NLP academic Dale has doubts about the strengths of AI: “The outputs are often weak…especially so for longer texts, but occasionally you will be genuinely impressed, and even the weaker results may provide a source of inspiration if you have writer’s block.”
“Authenticity takes a level of creativity that is subjective,” adds Dr Stylianos Kampakis, a data science advisor and author at the London Business School.
“Anything and everything that includes AI technology needs to have disclosure about how it was trained,” says Chris Leong, AI advisor to Change Gap and ForHumanity, the nonprofit organisation looking to address the ethics, bias, privacy, trust, and cybersecurity in artificial intelligence and autonomous systems. “With disclosure, people can be informed as to whether they want to be involved.” Understandably, customers will have concerns about AI shaping the material they read from the organisations they do business with, and Leong warns CIOs and CMOs of unintended consequences from automation.
More content less tools
Marketing technology blogger Scott Brinker annually publishes an online graphic of the number of software applications CMOs can utilise. Despite having looked at it several times over the years, it still takes some believing; there is a mass of vendors out there for interactive content, video marketing, mobile apps, native content, display advertising, and the list goes on. Discussions with CMOs and CIOs reveal that many are looking to rationalise their technology estates to keep budgets in check. “There are keyword research tools, editors, content management systems (CMS) and optimisation tools,” Benzecrit says of creating a tool that allows comms teams to collapse tasks into a single platform.
Of course, the elephant in the room is that it is one thing to create more content and have tools that make the creation process easier. But customers, especially enterprise technology customers, demand authenticity, accuracy and they are time poor, so they want content that delivers insight and value.

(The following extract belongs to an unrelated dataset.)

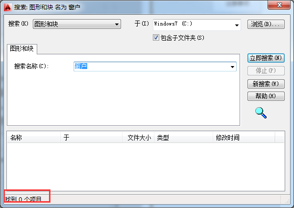 6、稍等一会后搜索会结束,如果没有发现在会在【搜索】对话框的左下角显示“找到0个项目”。
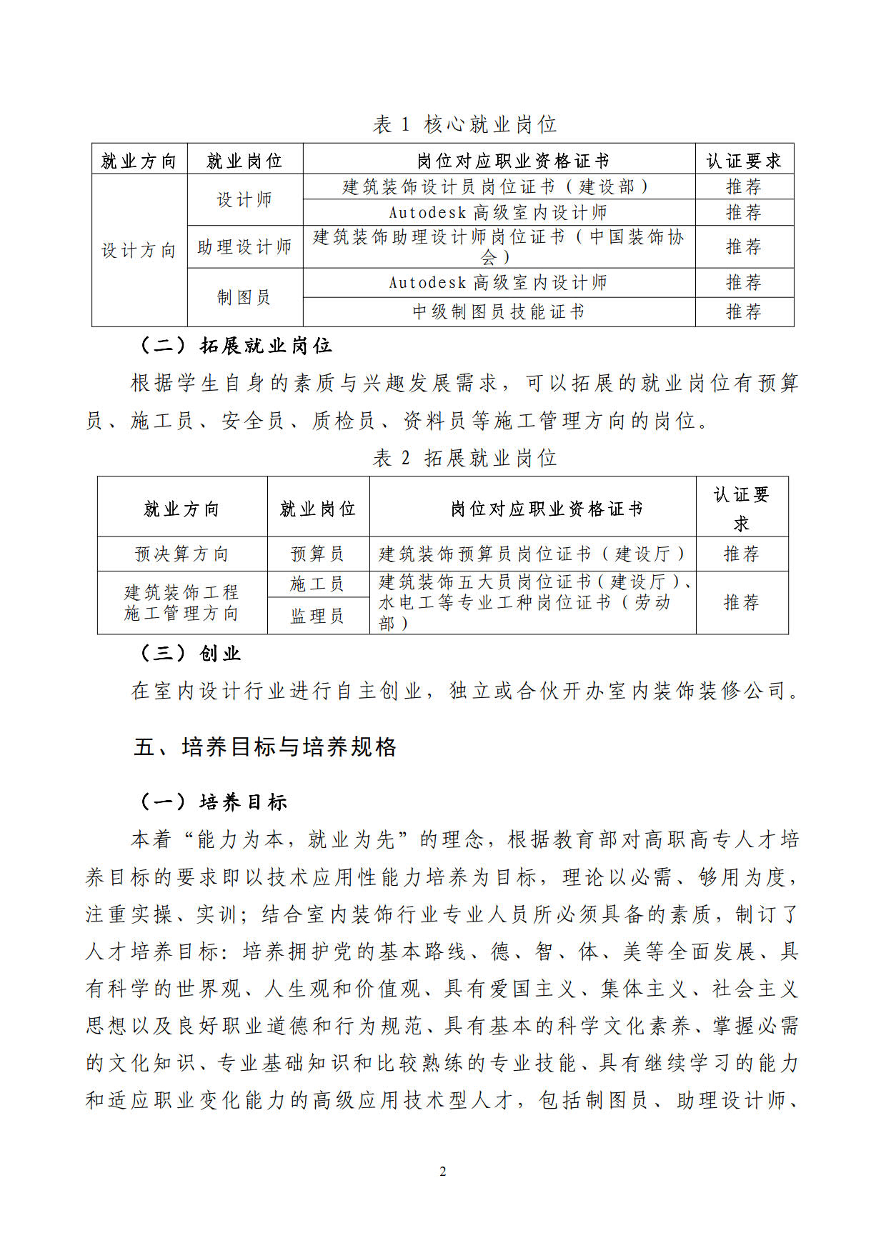 2019级“退役军人”建筑室内设计专业人才培养方案

The Edelman-LinkedIn B2B Thought Leadership Impact Study for 2021 says: “This year’s study reveals a tidal wave of content marketing that is making it harder for companies to connect with B2B customers and prospects.” Adding: “A pandemic-induced glut of low-quality content is diluting the perceived value of thought leadership among B2B decision-makers.” If there is a glut of low-quality material out there, then AI faces the threat of learning from poor quality data, another case of rubbish in, rubbish out, something that CIOs and CTOs could do with less of. On this point, Kampakis advises organisations to make sure that the content models they train their AI on are “very strong”.
However, the Edelman-LinkedIn report finds that 54% of business leaders spend more than one hour per week reading and reviewing thought-leadership content, a similar statistic to 2019, suggesting that there’s still plenty of value in the practice.
Technology will always allow more material to be produced, but the real challenge for AI in comms creation is not only the content; CMOs and business technology leaders thirst for the right audience and to secure the right audience, content must speak to a community. To be a member of a community requires authenticity. Will the AI content creation story lead to an increase in intelligence or yet more artificiality?